I don’t think many of you would follow the full-length argument anyway, let alone agree with it, so might as well keep it short.
This thread gave me a perfect example of how some of the old cards, when used in the current meta, could be considered broken.
There, I was forced to remember and acknowledge the existence of “Poison seeds”, a 4-mana mass polymorph, literally. Well, slightly worse than Mass poly, but for 3 mana less, I’ll take it.
Anyway, I immediately delighted imagining using this against Druid’s full board of…everything, and figured, woah, wait a minute, this is actually too strong. This is one of the oldest cards ever printed, and it’s literally broken.
I never really bought into this whole powercreep story arc, for the simple reason because I’ve always understood what I’m about to tell you - when you change things, and then you make changes atop of those changes, you don’t get a changed primary thing. You get something which bears NO resemblance (or if it does bear resemblance, it’s completely accidental/random) with the primary thing.
You change the “quality”, not the “quantity”. You don’t change the stats of minions and damage of spells (only). You change the “quality” of minions and damage spells in general.

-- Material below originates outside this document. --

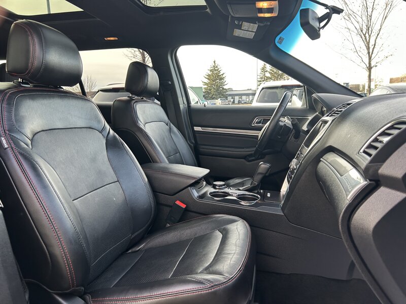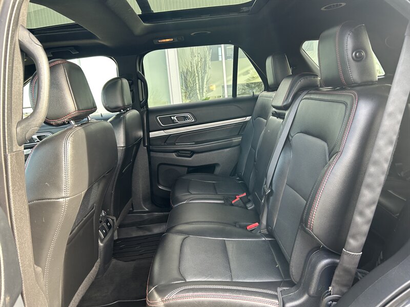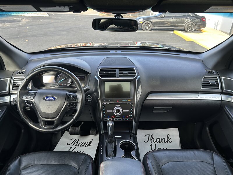 Power, performance, and style come together perfectly in this 2017 Ford Explorer Sport — a three-row SUV built to impress. Under the hood lies a 3.5L EcoBoost V6 engine pushing out 365 horsepower and 350 lb-ft of torque, paired with a smooth 6-speed automatic transmission and intelligent all-wheel drive for confident traction in any condition. The Sport trim delivers a distinct look with blacked-out exterior accents, 20-inch machined alloy wheels, and a more aggressive stance that sets it apart from the rest. Inside, the cabin offers premium leather-trimmed seats with red stitching, a heated steering wheel, SYNC 3 infotainment with navigation, and a premium Sony sound system — all designed for ultimate comfort and connectivity.

With that in mind, metas before and now can’t be directly compared, because their qualities have changed. We do not see “vanilla” statted minions anymore. We ONLY see minions with a keyword now, which are either overstatted (but with downsides) or understatted (with upsides). We do not see spells stronger than fireball when it comes to direct dmg face. What we actually observe are weaker ones, on average, but some of them have the potential to be stronger than fireball, in some specific situations which rarely come up in play.
What is considered powercreep is, in fact, just a temporary phase a cycle of updating the game goes through, with the other phase being the one we’re in at this very moment - deconstruction.
We deconstruct what’s strong in our meta, compare to the deconstructed previous expansions, and make a decision about balance and future release which will depend on the results of the analysis. We can either nerf this meta more, or buff it a bit, to put it in line with the previous (and the future ones). Either way, we change the quality of it, because that change came on top of a change that came on top of a change…
and so on, until 2014, classic cards.
It’s apples and oranges, and it goes in a cycle. At this very moment, we’re not even in the “powercreep” phase of it all, and even if we were, it’d be a short, temporary state of the game.
EDIT: By “deconstructing”, I mean that we’re in a phase where archetypes are made quite literal, direct, one-dimensional - extremely so; for example, aggro decks either flood board instantly now (shamans) or they stack up direct dmg source fast and don’t even bother controlling the board (weapon rogue, Attack DH); OTK decks put you down turn 5-6-7, control decks burn through your whole deck while having infinite ramping demons coming out of their decks. In this phase, we observe the limits of each of the archetypes.
In the next phase, we build on top of that, by mixing up the supports for different archetypes to allow for different, not-so-bare-bone strategies, and that’s the phase more closely resembling what everyone calls “powercreep”, as crazy, not-so-easily-foreseen synergies come to surface.